The hybrid process of reactive distillation can be applied for separating products with different boiling point from equilibrium mixtures. Conversion increases by removing the product. The same effect can be achieved by combining chemical reaction with extraction. Provided that an appropriate solvent can be found which dissolves the product with sufficient selectivity the result of extractive separation of products from reaction mixtures is comparable with distillative product separation except that chemical reaction with extraction can be operated at ambient temperature. As a consequence lower cost of operation and less complexity of control systems is expected.
In this project the synthesis and isolation of methyl acetate by chemical reaction with liquid/liquid extraction has been investigated. Methyl acetate synthesis has been chosen because of the difficult to separate multi component product mixture of methyl acetate?methanol?water?acetic acid. On the other hand industrial production of methyl acetate is based on a well established hybrid process (Eastman Kodak process), a well reported basis for technical and economical process comparison.

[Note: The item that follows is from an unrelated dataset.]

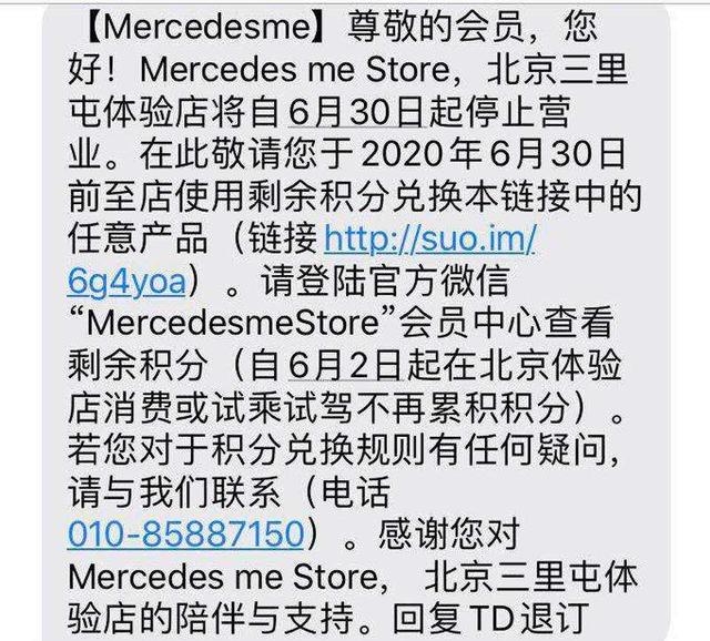近日,部分Mercedes me会员收到一则短信,被告知Mercedes me北京三里屯体验店将于6月30日停止运营,提醒会员尽快使用积分兑换产品。6月2日起,在北京体验店消费或试乘试驾不再积累积分。

Esterification of acetic acid with methanol is accelerated with several homogenous and heterogeneous catalysts. For extractive separation of methyl acetate from the reaction mixture with hydrocarbons (C8 to C10) the solvent and the catalyst must not undergo any disadvantageous mutual interaction.
Main focus of this work was to test heterogeneous catalysts like Lewatit (ion-exchangers) and homogenous catalysts like sulphuric acid. Experimental series included variation of temperature, concentration and separation of products by liquid/liquid extraction.